Plutôt mémoire biologique ou mémoire numérique ?

Elle filme un événement

Plutôt mémoire biologique ou mémoire numérique ?

Comme vous le savez si vous êtes un(e) fidèle lecteur(-trice), @LesSmartAddicts aiment bien se poser des questions. Et une question qui les divise pas mal en ce moment est : mieux vaut-il vivre un évènement à travers ses propres yeux ou à travers l’écran de son smartphone ?

Régression ou extension ?

Ce qui est sûr, du moins pour la psychologue américaine Linda Henkel (2013), c’est que le processus d’archivage d’un instant nous empêche de le vivre pleinement. Pire, le fait de prendre une simple photo favoriserait un phénomène de « dépréciation », où la mémoire ne travaillerait quasiment plus, puisque figée extérieurement. En d’autres termes, plus besoin de créer le souvenir, puisque la technologie le fait pour nous.

Aujourd’hui pourtant, cette même technologie est presque devenue une extension de nous-mêmes tant elle occupe une place importante dans notre façon de vivre un évènement. Notre mémoire déborde, en un sens, sur cette extension permise par nos smartphones. On passe d’une réalité très personnelle, vécue et ressentie uniquement par soi, à une réalité plus palpable et plus ancrée. D’une certaine façon, en numérisant un évènement, on passe d’un « j’y suis » très personnel et soluble, à un « j’y étais » beaucoup plus social et qui renvoie dès lors à un instant figé dans le temps.

Le problème, si toutefois c’en est un, est donc que le souvenir délaisse le support biologique (la mémoire) au profit d’un support numérique (le smartphone).

Un souci de réalité

De plus, là où le temps déforme le récit, la photo le grave et le fige dans un souci de réalité. Avec la photo, le témoignage se pare d’un réalisme tout à fait nouveau : le récit est conservé dans son originalité et capture l’instant sans autre volonté que d’en témoigner. On passe donc d’une réalité impalpable, biaisée par le souvenir et parfois bien loin de la vérité, à une réalité brute, figée et sans détour de l’esprit, donc cruellement plus proche de la vérité.
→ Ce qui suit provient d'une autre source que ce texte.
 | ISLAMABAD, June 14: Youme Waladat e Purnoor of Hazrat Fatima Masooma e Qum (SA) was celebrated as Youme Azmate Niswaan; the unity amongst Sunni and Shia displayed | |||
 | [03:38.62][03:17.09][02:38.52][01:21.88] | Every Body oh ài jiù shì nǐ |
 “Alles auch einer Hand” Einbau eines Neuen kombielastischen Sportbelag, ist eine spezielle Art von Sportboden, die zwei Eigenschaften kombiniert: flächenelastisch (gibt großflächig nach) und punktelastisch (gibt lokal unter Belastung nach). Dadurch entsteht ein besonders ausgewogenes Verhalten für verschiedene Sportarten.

Tout bénef’ pour les défenseurs du numérique qui préfèrent y voir un prolongement de la mémoire humaine plutôt qu’une entrave à cette dernière, un peu comme l’outil peut être considéré comme un prolongement du corps. Autrement dit, plus besoin de se fatiguer à se souvenir, puisque la technologie le fait mieux que nous.
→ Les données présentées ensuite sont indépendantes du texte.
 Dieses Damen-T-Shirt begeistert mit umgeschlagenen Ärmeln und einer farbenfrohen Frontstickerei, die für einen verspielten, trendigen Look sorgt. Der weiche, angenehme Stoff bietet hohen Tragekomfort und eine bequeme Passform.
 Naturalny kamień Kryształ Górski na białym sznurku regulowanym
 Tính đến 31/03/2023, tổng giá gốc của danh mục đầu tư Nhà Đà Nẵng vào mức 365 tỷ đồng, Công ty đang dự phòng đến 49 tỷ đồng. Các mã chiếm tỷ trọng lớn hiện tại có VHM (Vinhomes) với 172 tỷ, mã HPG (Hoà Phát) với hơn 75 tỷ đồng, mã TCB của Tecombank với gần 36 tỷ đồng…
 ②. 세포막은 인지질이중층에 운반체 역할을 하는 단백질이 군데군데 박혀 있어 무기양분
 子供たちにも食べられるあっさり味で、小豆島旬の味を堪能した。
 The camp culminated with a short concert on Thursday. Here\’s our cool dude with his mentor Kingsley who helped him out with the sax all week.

Le troubadour 2.0, du témoignage au partage

Mais l’avantage de vivre un événement à travers l’écran de son portable n’est pas seulement question de témoignage ni de souvenir ; c’est également une question de partage. Aujourd’hui, l’instantanéité nous permet de partager en qualité de témoin n’importe quel évènement à toutes nos communautés (amicales, familiales, professionnelles…etc.). Nous passons donc de simples témoins à une nouvelle forme de troubadours du XXIème siècle, qui romance et diffuse les événements qu’il vit à travers ses réseaux sociaux.
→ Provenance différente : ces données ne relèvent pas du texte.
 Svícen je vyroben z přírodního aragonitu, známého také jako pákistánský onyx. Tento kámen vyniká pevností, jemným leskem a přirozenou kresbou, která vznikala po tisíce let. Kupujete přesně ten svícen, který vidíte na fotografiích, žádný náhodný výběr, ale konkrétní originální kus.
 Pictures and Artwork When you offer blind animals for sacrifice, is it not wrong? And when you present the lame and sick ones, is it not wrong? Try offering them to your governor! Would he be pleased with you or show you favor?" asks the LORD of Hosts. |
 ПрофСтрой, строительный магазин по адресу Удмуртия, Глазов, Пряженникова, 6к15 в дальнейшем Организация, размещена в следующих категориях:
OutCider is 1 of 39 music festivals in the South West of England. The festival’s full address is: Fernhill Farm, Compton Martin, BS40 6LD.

De la même façon que la démocratisation de l’écriture a révolutionné les pratiques de partage du savoir chez nos ancêtres, l’arrivée du numérique a permis à chacun de se faire rapporteur d’un événement. Cette dynamique fait passer la captation de l’évènement de simple archivage à un véritable support de partage communautaire. On passe ainsi de « j’y étais » à « nous y sommes, ensemble ».

Un changement de paradigme

Finalement, la façon de vivre un événement change peu. On a simplement ajouté une interface entre nos yeux et l’évènement. C’est la façon de le « consommer » qui change, ou plutôt qui évolue. On assiste simplement à un changement de paradigme, où l’événement a toujours été prétexte au témoignage, mais où les techniques actuelles apportent une nouvelle dimension de partage. Du coup, la forme que prend le récit évolue aussi !

Alors ? Régression ou extension ? Témoignage ou partage ? Biologique ou numérique ?
On vous laisse en décider… Nous en tous cas, on retourne troubader.